In a change from the 1990s, growth among minority groups is outpacing whites in three big suburban counties

Last update: August 6, 2008 - 11:29 PM

Arriving in the Twin Cities 20 years ago, Vietnamese immigrant Tracy Tran remembers standing out as the rare Asian at Apple Valley High School.

These days, the clientele at Tran's new Japanese steakhouse and sushi bar in downtown Apple Valley can be almost entirely Asian, and the employees include Asians and Latinos.

"People are so used to the idea that 'Apple Valley is where all the white people are,'" she said. "But Apple Valley is actually very diverse. You see more different types of skin in every neighborhood now."

New census numbers emerging today suggest that all of the three big suburban counties in the Twin Cities area have undergone a decisive shift in this decade, compared with the 1990s. People of color now account for more of their population growth than whites.

Even experienced demographic analysts blinked when they saw the new numbers for Dakota, Anoka and Washington counties.

But they stressed that the reasons behind the numbers are subtle.

Plenty of white people are still settling in fast-growing suburbs such as Woodbury, Lakeville and Blaine. Dakota County is almost 90 percent white. But that type of growth is slowing. In older suburbs, meanwhile, an aging white population is passing from the scene. And across these counties, vast numbers of white households are emptying out, as baby boomer parents see their grown kids off to colleges and apartments.

Meanwhile, a single immigrant decision to move into a city like Eagan can bring multiple generations.

"My neighborhood in Eagan looks a lot different than it did when we arrived in 1991," said Jane Vanderpoel, an analyst for Dakota County. "Two doors down there's an Asian household with two elderly women who take care of several kids while Mom and Dad work. Down the street there's a Somali family with teens, Mom, Dad -- and what looks like grandparents."

Although influenced locally by the particular blend of a large number of Southeast Asians and African refugees, the trend is national, said Hazel Reinhardt, an Edina-based demographer.

"The pattern in many large metros is that cities are becoming more white, while losing minorities to suburban areas," she said. "And that's what we're seeing here very dramatically."

The reasons for that are many, said Katherine Fennelly, a University of Minnesota immigration expert who co-wrote a chapter on the Twin Cities' experience in a new book on suburban diversity nationwide.

Perhaps most fundamentally, she said, minorities today are much likelier than whites to be at that phase of life at which the suburbs are most attractive: parents of young kids, seeking safe neighborhoods and quality schools.

"Nationally the Hispanic population in 2006 had a median age of 27, compared with 36 among the population as a whole," she said. "About a third of the Hispanic population was younger than 18, compared with a quarter of the total population."

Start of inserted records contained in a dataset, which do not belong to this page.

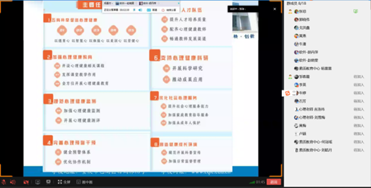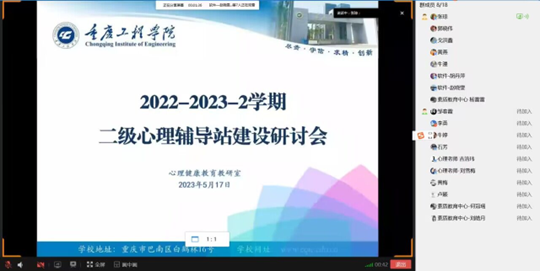 为进一步深入推进我校心理育人工作落实走深,引导学院提升心理育人成效、加强心理工作研究,推进我校心理健康教育精品化、科学化发展,最终形成以学生心理素质发展为核心、全员参与的心理育人工作新格局。按照《高等学校学生心理健康教育指导纲要》的工作要求,学生工作处决定试点建设学院(部)二级心理辅导站,心理健康教育教研室于2023年5月17日下午4点-5点通过QQ视频召开2022-2023-2学期二级心理辅导站建设研讨会,本次研讨会共计8人参加。
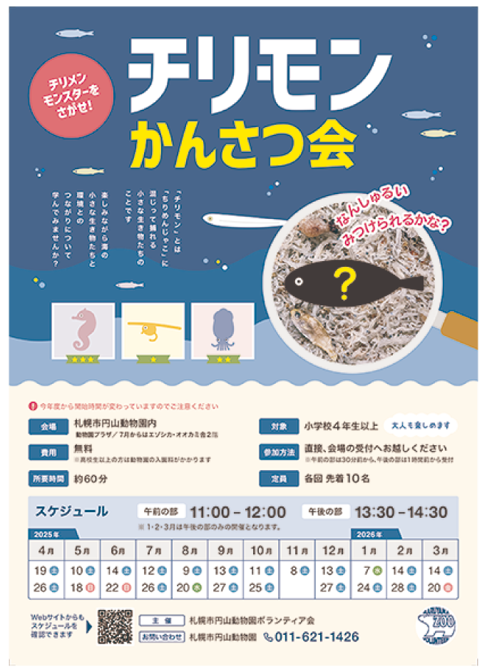 円山動物園は「食べることのたいせつさ」を楽しく学べるコープさっぽろの食育イベント「食べる・たいせつフェスティバル2025」で「チリモン観察会」を行うよ。タツノオトシゴなどのレアなチリモンを探して、楽しみながら海の生き物の豊富さを学ぼう!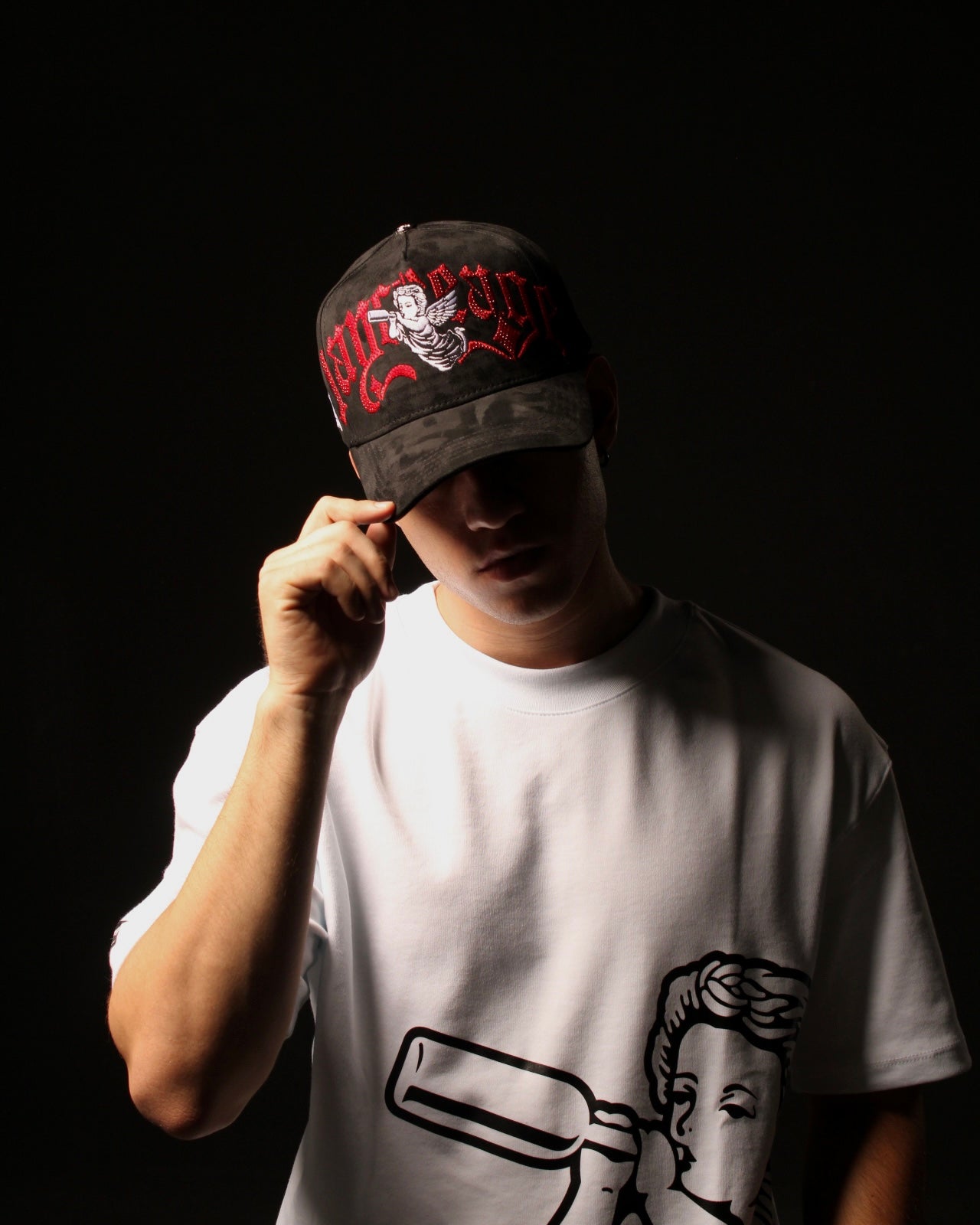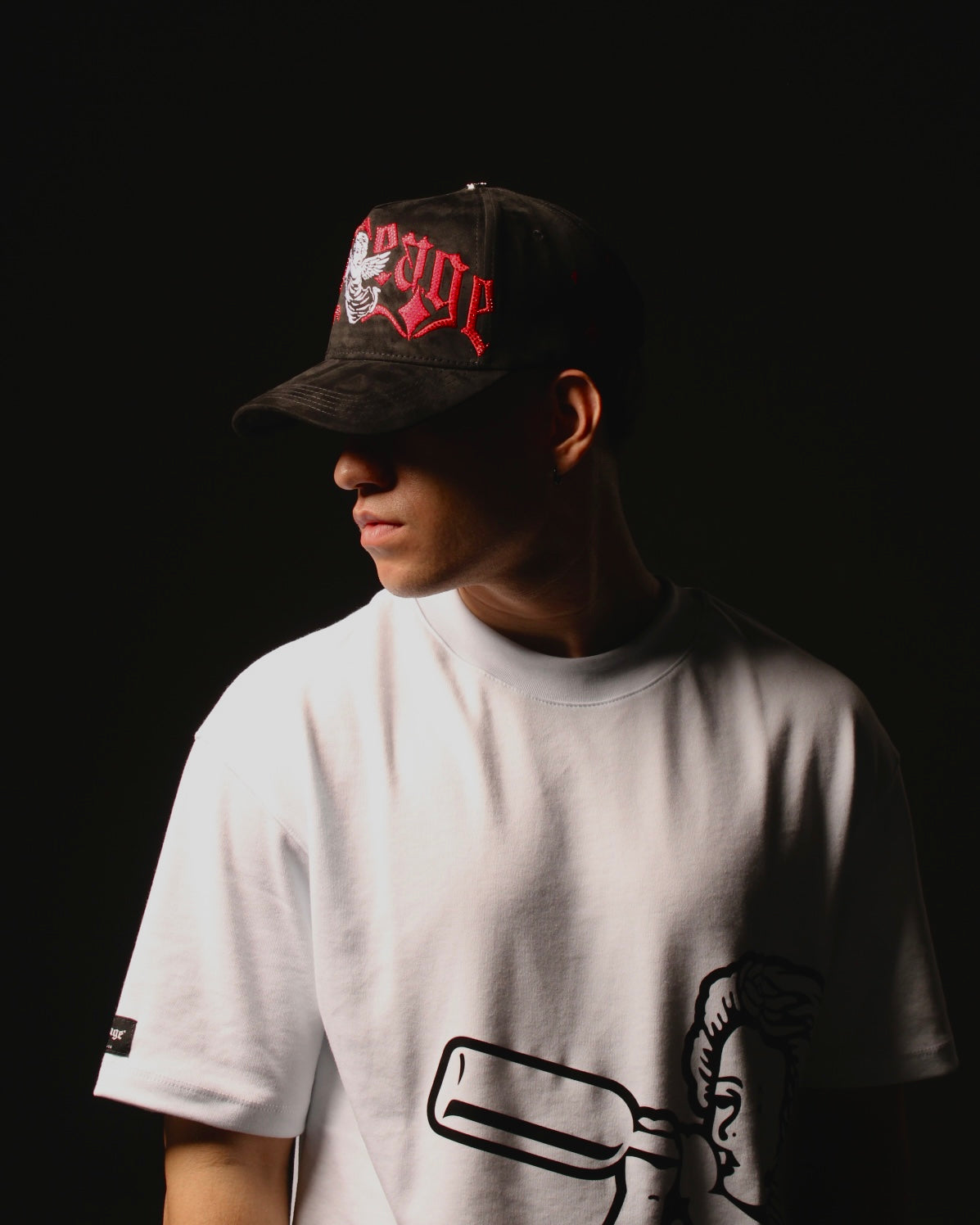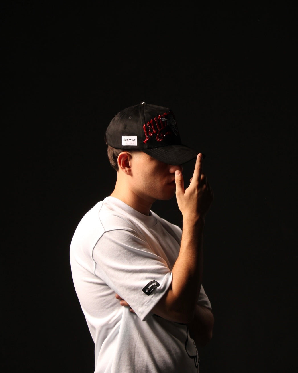Gorra ajustable con diseño bordado al frente con pedrería encima. Etiquetas micro bordadas, botón superior de metal, etiqueta metálica e interior satinado.

Today's census data are just by county, and don't separate Minneapolis or St. Paul from their suburbs in Hennepin and Ramsey counties. But the same things are happening in those counties, Fennelly said.

For example, her book reports, nearly 7,000 refugees entered Minnesota between January 2005 and May 2006. Over a third were resettled in the suburbs of the Twin Cities. The largest groupings: Liberians in Brooklyn Park, Hmong in Brooklyn Center and Somalis in Eden Prairie.

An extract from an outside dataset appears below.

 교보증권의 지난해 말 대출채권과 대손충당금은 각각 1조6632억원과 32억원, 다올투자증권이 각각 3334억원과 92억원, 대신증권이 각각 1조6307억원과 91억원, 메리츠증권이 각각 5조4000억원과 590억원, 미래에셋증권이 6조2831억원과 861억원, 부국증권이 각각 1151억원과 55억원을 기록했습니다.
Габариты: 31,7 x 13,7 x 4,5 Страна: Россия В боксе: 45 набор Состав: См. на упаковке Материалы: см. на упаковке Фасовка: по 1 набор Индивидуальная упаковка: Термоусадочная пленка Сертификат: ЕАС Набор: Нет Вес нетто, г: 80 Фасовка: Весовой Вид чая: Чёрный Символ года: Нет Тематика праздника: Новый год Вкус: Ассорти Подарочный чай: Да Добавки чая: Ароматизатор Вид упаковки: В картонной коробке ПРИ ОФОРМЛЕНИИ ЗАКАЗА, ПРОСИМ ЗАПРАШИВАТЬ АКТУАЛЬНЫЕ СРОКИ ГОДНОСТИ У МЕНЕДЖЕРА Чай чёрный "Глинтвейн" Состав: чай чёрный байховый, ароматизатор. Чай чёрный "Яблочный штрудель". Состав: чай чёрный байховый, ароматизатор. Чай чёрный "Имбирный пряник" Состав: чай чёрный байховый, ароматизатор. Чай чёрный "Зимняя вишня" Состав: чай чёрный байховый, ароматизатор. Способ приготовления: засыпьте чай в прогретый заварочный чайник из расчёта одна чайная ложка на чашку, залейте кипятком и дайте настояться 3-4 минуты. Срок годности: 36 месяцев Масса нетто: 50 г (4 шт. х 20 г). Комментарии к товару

In Dakota County, meanwhile, Tracy Tran's kids are living a childhood much like her own.

For the past four to five years she and her Chinese-American husband have been in Lakeville, where things for her 9-year-old son are a bit like they were for her, closer in, decades ago. "He goes to school in Farmington, which is still not the area a lot of [minorities] like to move to yet. I see the school yearbook" and there are very few Asians.